Sasuke avait relevé la tête, son regard charbon posé sur Naruto, à qui cela coupa le souffle.
- … Qu'avez-vous fait de Sasuke ?
- La ferme, idiot ! Ce n'–
- Aaah merci, il est là ! rétorqua-t-il aussitôt, un rire au bord de ses lèvres.
Sasuke leva les yeux au ciel, clairement exaspéré. Invisible à tous, une chaleur se diffusait en lui, douce et rassurante.
- Naruto... Pourquoi ? demanda-t-il plus simplement, comme s'il résumait toutes ses questions.
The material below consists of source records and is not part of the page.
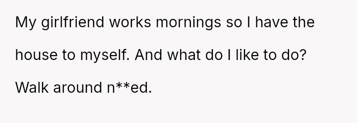 In the quiet solitude of the morning, he revels in the freedom of being alone, embracing the simple joy of walking through his home unencumbered by clothes or worries.
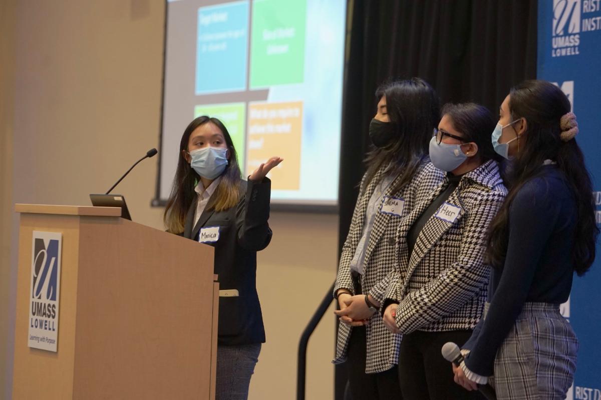 Team Simplicity Bank makes their pitch to the judges. From left: Monica Nguyen, Saema Nazar, Heer Patel, and Yeaharne Hout.
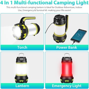 【USB Rechargeable & Large Capacity Power Bank】Built-in rechargeable batteries,the lantern flashlights can be charged via regular 5V USB charging cable (included), more convenient and eco-friendly than other lanterns which need AA batteries. The lantern searchlight can also serve as a 1000mAh power bank to charge android, ios and other smart devices in emergency that no need to worry about losing contact due to a dead phone during the trip
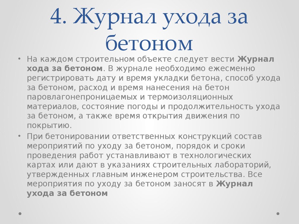 . Для прогрева бетона вгустоармированных конструкциях и тем более армированных прокатными. Хоть прогрев в этом случае занимает много времени, но он будет равномерным. Заполнение журнала бетонных работ следует вести ежесменно в процессе. Журнал прогрева бетона скачать форма и образецНа стройплощадке, где происходит бетонирование в холодных условиях, в обязательном порядке должен. Производитель работ ПОЯСНЕНИЯ К ЗАПОЛНЕНИЮ ЖУРНАЛА Бетонирование и контроль качества бетона производить в. Образец заполнения. Пример заполнения журнала прогрева бетона. Образец заполнения налоговой декларации 3ндфл за 2013 год на обучение. Пример заполнения журнала бетонных работ образец. СанктПетербурге, температурный лист. Название Температурный лист прогрева бетона Автор 2 Издательство ACADEMIAмалая Год. Танец мухоморов в детском саду видео бесплатно Образец заполнения Журнал прогрева бетона образец заполнения отборные файлы
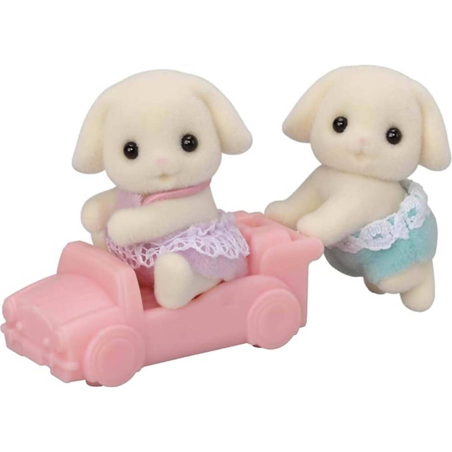 A figure set of Flora Rabbit twins with cute droopy ears and a push-cart. The sitting baby girl's name is Viola, and the crawling baby boy is Runo. The figures heads can be moved. Both of the Flora Rabbit twins (Sitting or Crawling) can ride the pushcart.
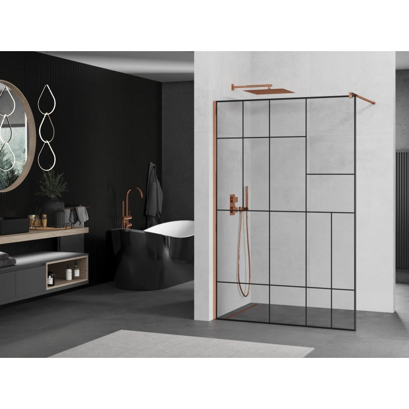 Špecifikácia produktu: Šírka: 90 cm Výška: 200 cm Montáž: Univerzálna, pravá alebo ľavá Farba skla: Čierny vzor Povrchová úprava: Ružové zlato Typ skla: Tvrdené Hrúbka skla: 8 mm Profil: Hliník Konzola: Nerezová oceľ Max. dĺžka konzoly: 150 cm Konzolu je možné skrátiť Povrchová úprava pre ľahké čistenie Vyrovnáva nerovnosti steny Možnosť montáže na sprchovú vaničku alebo dlaždice

- Tout village a besoin d'un martyr, consentit-il à répondre.
- Tu plaisantes ?
- Non, pas vraiment, répliqua-t-il d'un air détaché. Et même sans ça, tu sais bien comment sont les villages. Certains événements sont souvent vus comme de mauvais présages et les rumeurs circulent facilement. Je suis né le jour où mes parents sont morts, mais aussi le jour où Kyuubi est apparu faisant des milliers d'autres morts. Mes stries sur les joues me donnent un air animal, paraît-il. Personne ne connaît mes parents, mon nom de famille n'est sur aucun registre du village. Je te laisse deviner le cheminement de pensées des villageois.
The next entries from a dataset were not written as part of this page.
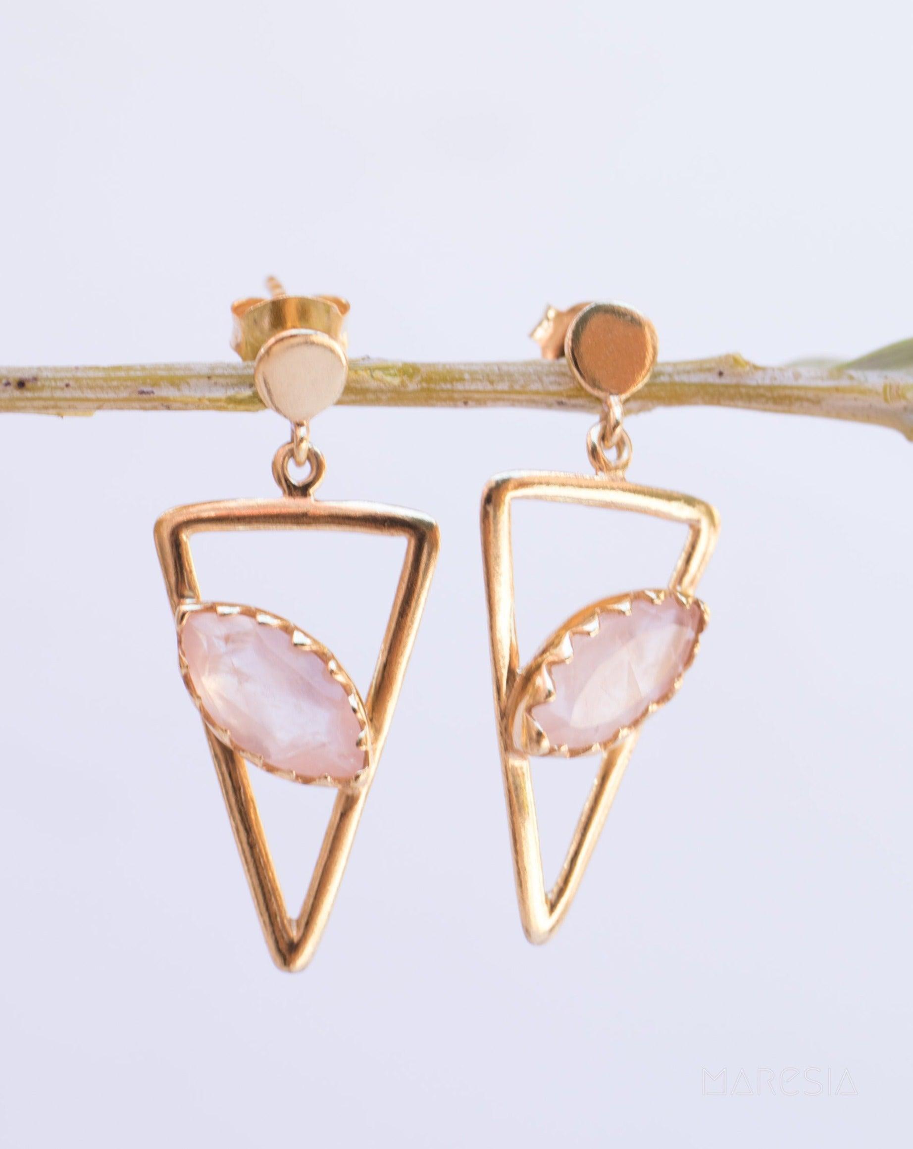 Aqua Chalcedony, Ruby, Blue Chalcedony, Rose quartz Triangle Earrings ~Gold Vermeil (Gold Plated over Sterling Silver)~ ME061
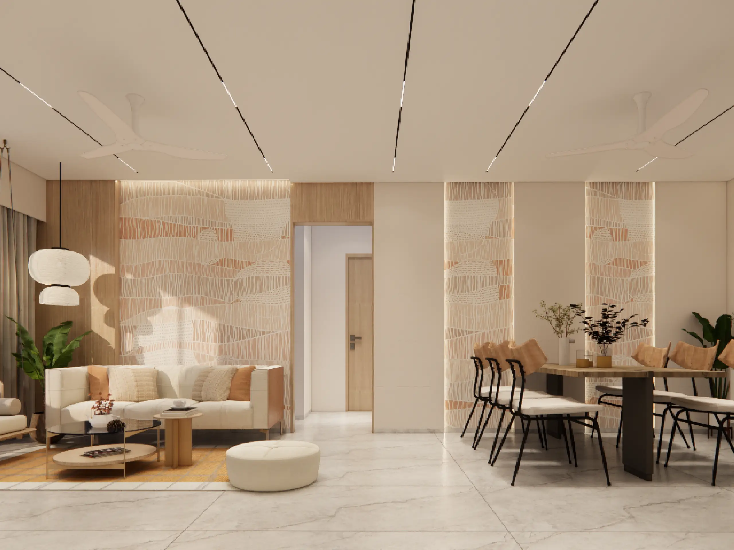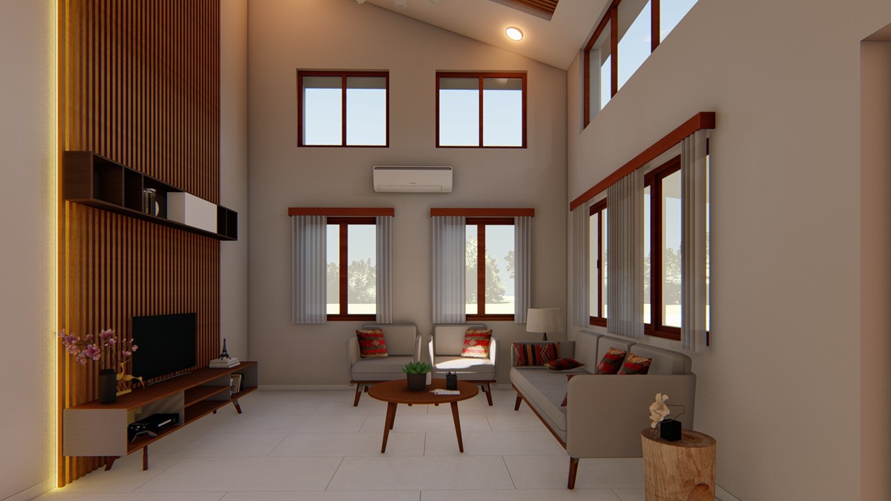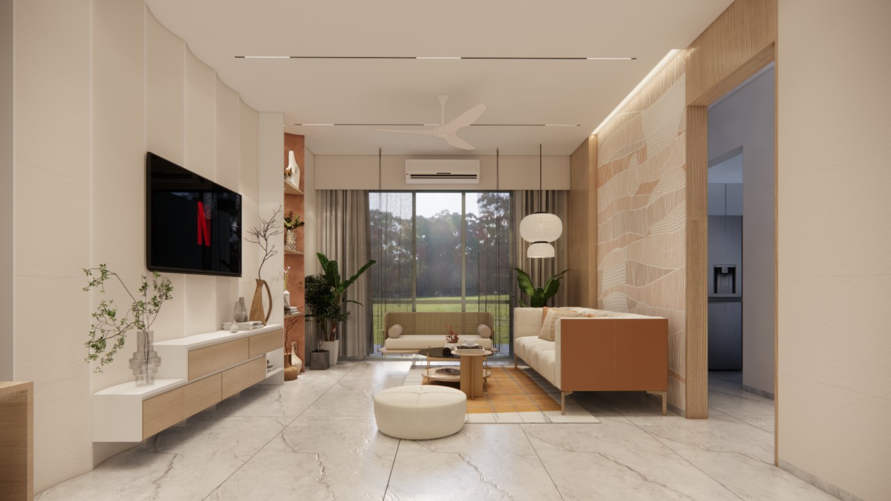 This interior design concept draws inspiration from a modern yet timeless aesthetic, centered around the soothing warmth of natural wood. The living room’s character is elevated through a thoughtful interplay of color and patterned wallpaper, introducing visual interest without overwhelming the space. The ceiling design remains minimalistic, enhanced by sleek track lighting that adds a sense of architectural clarity. These clean, linear elements complement the overall look, reinforcing a calm, contemporary atmosphere with subtle sophistication.
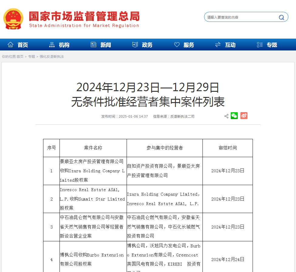 ICC訊 1月6日,國家市場(chǎng)監(jiān)督管理總局披露《2024年12月23日—12月29日無條件批準(zhǔn)經(jīng)營者集中案件列表》,其中就包括了立訊精密工業(yè)股份有限公司收購萊尼電纜有限責(zé)任公司股權(quán)案、立訊精密工業(yè)股份有限公司收購萊尼股份有限公司股權(quán)案。
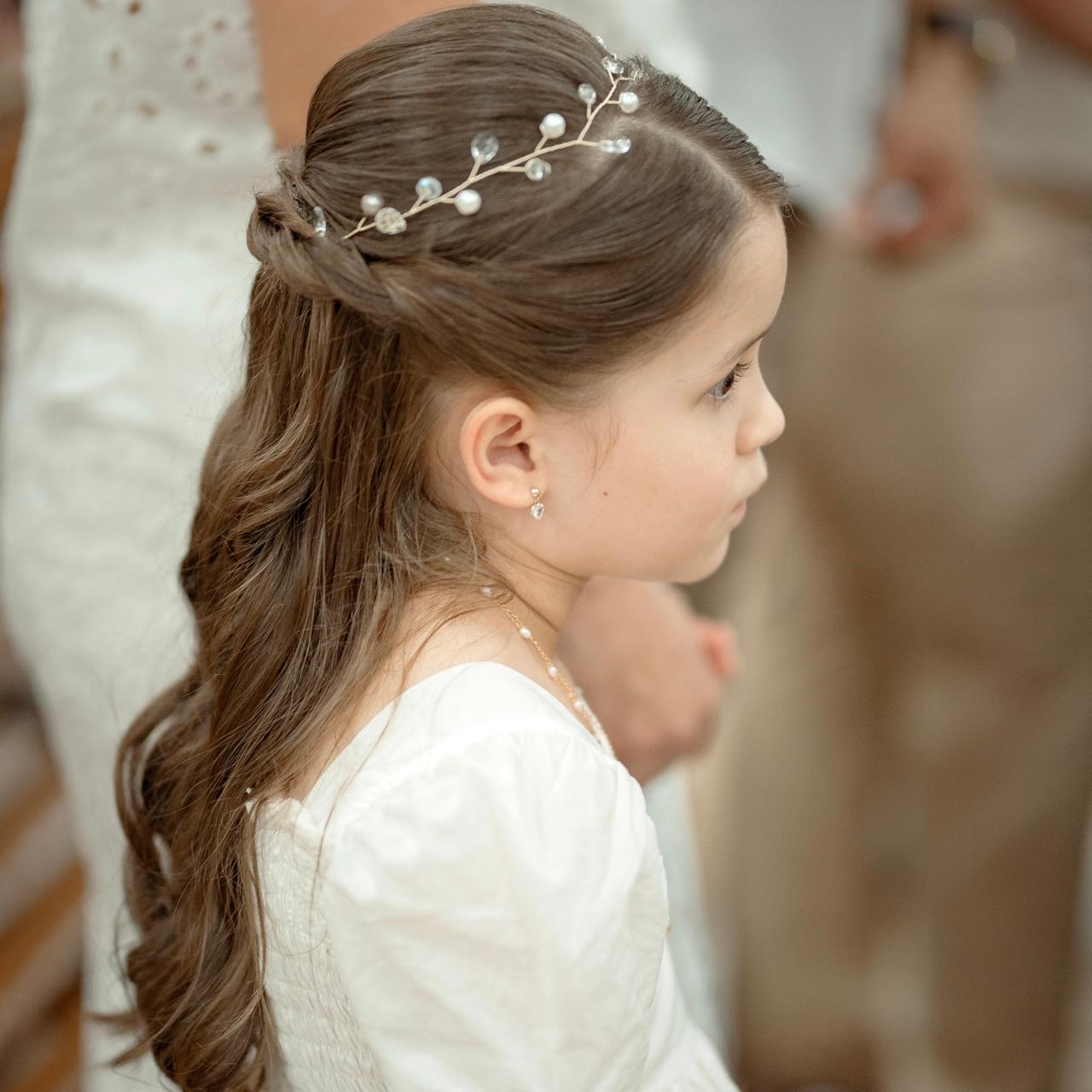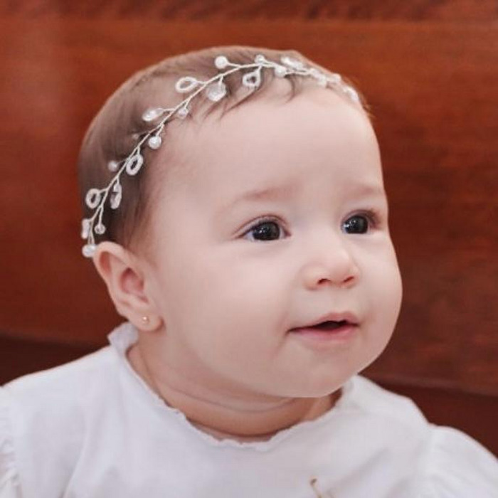 Tiara aramada confeccionada com pérolas e cristais com regulador para ajustar na cabeça da bebê.

- Mais je suis un orphelin aussi et –
- Oh pitié, Sas'ke... C'pas comparable ! T'es un Uchiha et – eh, ne me regarde pas comme si je venais de t'insulter, tu sais très bien ce que je veux dire par là.
- Non, contra-t-il, buté.
- Si. Déjà, tes parents ne sont pas morts à ta naissance, tu les as connu. Et malgré ce qu'il s'est passé, tu représentes ton clan, avec tout son héritage. Sa puissance, ses connaissances et tout le potentiel que tu as déjà démontré. A côté, je ne suis rien. Juste un mauvais présage.
- Comment peux-tu dire –
- Allez, arrête de l'ignorer Sas'ke. Vous faites semblants mais tout le village est au courant, bordel. Je suis son souffre-douleur. Qui pouvait être une meilleure cible ? Certainement pas l'enfant qui a survécu à une tragédie, enfermant en lui tout ce qu'il reste de la force de son clan, protégé dès lors par le village, et qui s'est muré dans l'indifférence pour venger les siens. Par contre, le gamin turbulent, bruyant, qui n'en fait qu'à sa tête et dont les parents sont morts depuis sa naissance... Qui va s'en soucier ?
Dans d'autres circonstances, Naruto aurait ri de la tête de Sasuke, parce qu'il n'avait décidément pas l'habitude de le voir avec des expressions sur le visage. C'était assez agréable à voir et plaisant à décrypter.
- A leur place, j'aurais fait le même choix, termina-t-il en haussant les épaules.
Il récupéra son pinceau et s'attaqua au pan de mur de la cuisine, tournant le dos à son coéquipier muet. Tâchant de se concentrer sur ses gestes, sa nervosité s'exprima rapidement sur son propre visage, lui qui avait tout fait pour paraître sérieux durant son déballage. Il se mordit la lèvre, hésitant. En avait-il trop fait ? Son discours était-il resté cohérent ? Il craignait le contraire, certaines choses devaient être bancales. Il ne savait même pas d'où lui était venu toutes ces idées mais elles étaient sorties d'elles-même de sa bouche, sans qu'il puisse y réfléchir avant de les exposer à Sasuke. Il n'avait pas le temps de penser à ce qu'il venait de dire que déjà, d'autres mots passaient la barrière de ses lèvres. Il avait enchaîné sans difficulté, s'enfonçant dans une explication farfelue dans un seul but. Cacher une vérité, pourtant plus simple et concise puisqu'une seule phrase pouvait résumer son histoire. Je suis l'hôte de Kyuubi.